Protein crystallization, structure determination and refinement

Crystallization was performed at 16°C, using the hanging drop vapor diffusion method. For crystallization, LRS was concentrated to 8mg/ml. Protein solution (1 μl) was mixed with an equal volume of the reservoir solution, consisting of 20% (w/v) PEG 6000, 100 mM Tris–Cl, pH 8.0 and 200 mM Lithium chloride. The crystals were frozen in liquid nitrogen after transferring for a few seconds in the mother liquid which contained 15% glycerol (v/v) as a cryoprotectant.

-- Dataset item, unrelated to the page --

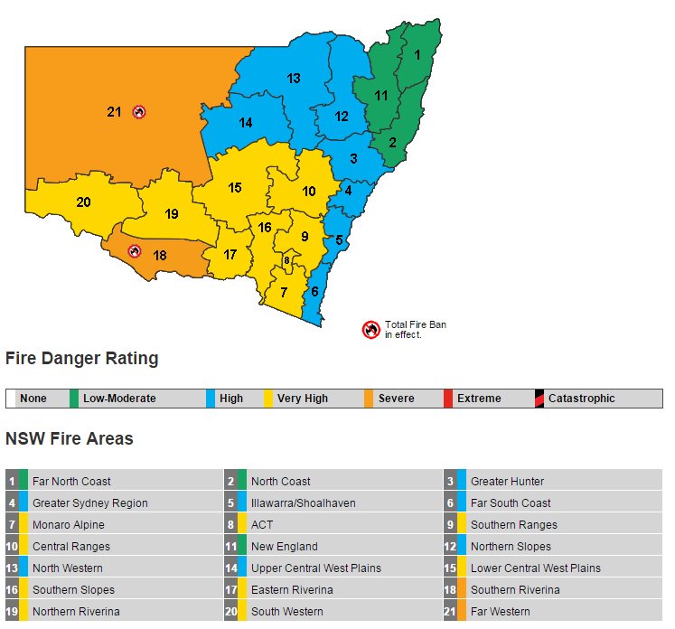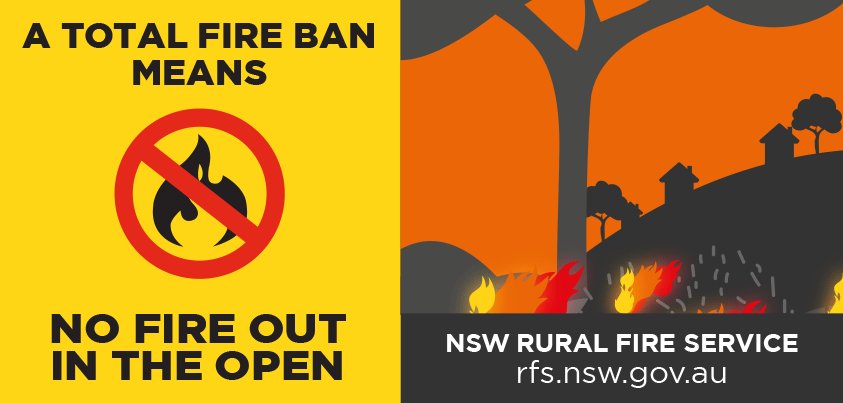 A Total Fire Ban is now in force for the Far Western & Southern Riverina areas due to hot and windy conditions.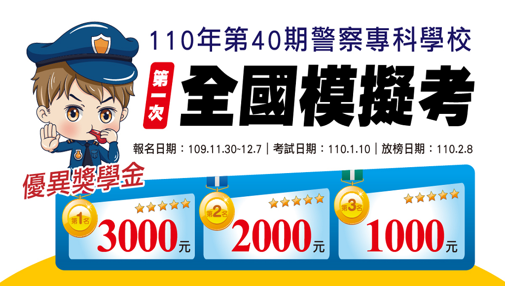 110警專40期第一次全國模擬考,報名即日起~12/7

All crystal diffraction data sets were collected at the Shanghai Synchrotron Radiation Facility beamlines (SSRF, Shanghai, China) BL-19U1 and BL-17U1. The diffraction data were processed using the HKL2000 program package (49). Further data analysis was performed with the CCP4 suite (50). The structure of LRS was initially solved by molecular replacement using PHASER (51) with the structure of aminoacylation domain and C-terminal domain of Pyrococcus horikoshii LRS (PDB ID: 1WZ2) and the structure of isolated hcLRS-CP1 as starting models, and was further improved by manual adjustments using COOT (52). Next, the model was refined using REFINE program in the PHENIX suite (53). The quality of the final model was evaluated using MOLPROBITY (http://molprobity.biochem.duke.edu/). Figures were drawn using PyMOL (http://www.pymol.org/). A structure-based multiple amino acid sequence alignment of LRSs from model organisms was generated using ESPript (54). The parameters for data collection and structure refinements are shown in Supplementary Table S1. The PDB IDs are 6LPF and 6LR6.